Task prompt - Nothing except the pictures should be left out when you reproduce the listing exactly.

(Information provided begins)

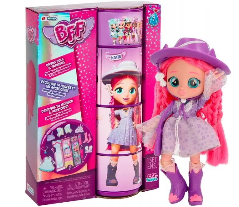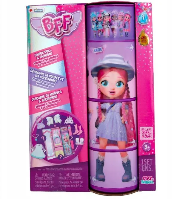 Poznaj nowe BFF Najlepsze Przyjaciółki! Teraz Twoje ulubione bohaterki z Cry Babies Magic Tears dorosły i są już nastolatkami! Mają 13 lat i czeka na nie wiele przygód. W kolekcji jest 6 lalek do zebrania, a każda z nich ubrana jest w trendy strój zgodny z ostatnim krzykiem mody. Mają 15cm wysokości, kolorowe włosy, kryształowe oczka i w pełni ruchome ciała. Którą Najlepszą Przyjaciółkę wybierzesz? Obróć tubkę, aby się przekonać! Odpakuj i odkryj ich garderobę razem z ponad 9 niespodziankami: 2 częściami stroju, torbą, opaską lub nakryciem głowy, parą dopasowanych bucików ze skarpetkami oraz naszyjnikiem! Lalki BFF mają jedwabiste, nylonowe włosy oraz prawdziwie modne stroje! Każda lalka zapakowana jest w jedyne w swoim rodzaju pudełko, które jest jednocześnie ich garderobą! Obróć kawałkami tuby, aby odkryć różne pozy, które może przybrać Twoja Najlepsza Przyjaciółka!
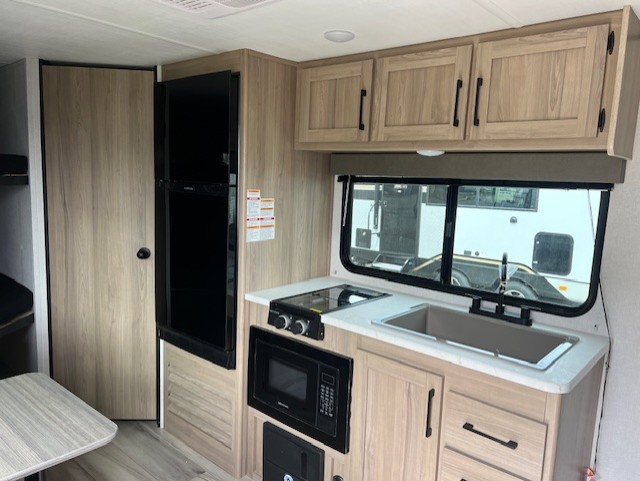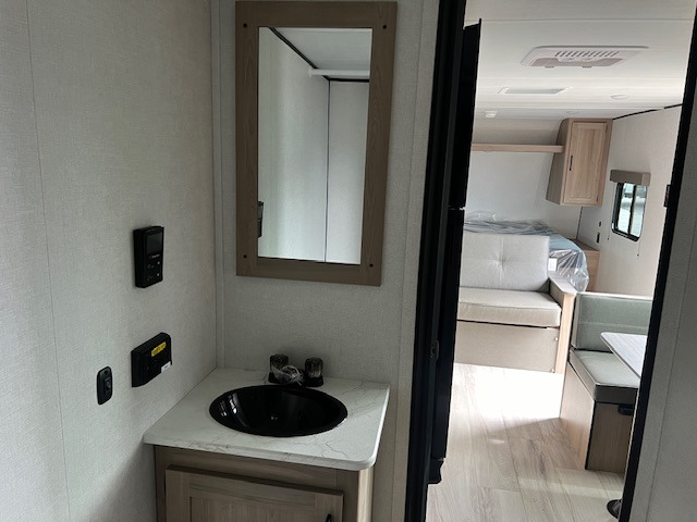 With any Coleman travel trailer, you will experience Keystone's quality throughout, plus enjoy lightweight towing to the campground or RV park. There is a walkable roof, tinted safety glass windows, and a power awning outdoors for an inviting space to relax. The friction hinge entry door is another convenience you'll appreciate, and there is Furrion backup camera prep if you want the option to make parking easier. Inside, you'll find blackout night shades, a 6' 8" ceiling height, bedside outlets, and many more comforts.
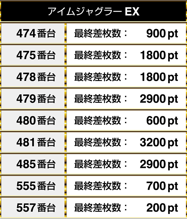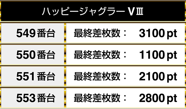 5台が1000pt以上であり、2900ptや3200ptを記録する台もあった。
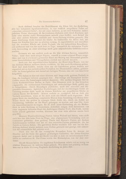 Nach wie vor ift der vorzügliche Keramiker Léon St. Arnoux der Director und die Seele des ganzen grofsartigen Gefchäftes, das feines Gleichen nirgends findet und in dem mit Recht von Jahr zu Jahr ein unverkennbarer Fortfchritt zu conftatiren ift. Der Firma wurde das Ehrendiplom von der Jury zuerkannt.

(Information provided ends)

Written response -
 Poznaj nowe BFF Najlepsze Przyjaciółki! Teraz Twoje ulubione bohaterki z Cry Babies Magic Tears dorosły i są już nastolatkami! Mają 13 lat i czeka na nie wiele przygód. W kolekcji jest 6 lalek do zebrania, a każda z nich ubrana jest w trendy strój zgodny z ostatnim krzykiem mody. Mają 15cm wysokości, kolorowe włosy, kryształowe oczka i w pełni ruchome ciała. Którą Najlepszą Przyjaciółkę wybierzesz? Obróć tubkę, aby się przekonać! Odpakuj i odkryj ich garderobę razem z ponad 9 niespodziankami: 2 częściami stroju, torbą, opaską lub nakryciem głowy, parą dopasowanych bucików ze skarpetkami oraz naszyjnikiem! Lalki BFF mają jedwabiste, nylonowe włosy oraz prawdziwie modne stroje! Każda lalka zapakowana jest w jedyne w swoim rodzaju pudełko, które jest jednocześnie ich garderobą! Obróć kawałkami tuby, aby odkryć różne pozy, które może przybrać Twoja Najlepsza Przyjaciółka!
 With any Coleman travel trailer, you will experience Keystone's quality throughout, plus enjoy lightweight towing to the campground or RV park. There is a walkable roof, tinted safety glass windows, and a power awning outdoors for an inviting space to relax. The friction hinge entry door is another convenience you'll appreciate, and there is Furrion backup camera prep if you want the option to make parking easier. Inside, you'll find blackout night shades, a 6' 8" ceiling height, bedside outlets, and many more comforts.
 5台が1000pt以上であり、2900ptや3200ptを記録する台もあった。
 Nach wie vor ift der vorzügliche Keramiker Léon St. Arnoux der Director und die Seele des ganzen grofsartigen Gefchäftes, das feines Gleichen nirgends findet und in dem mit Recht von Jahr zu Jahr ein unverkennbarer Fortfchritt zu conftatiren ift. Der Firma wurde das Ehrendiplom von der Jury zuerkannt.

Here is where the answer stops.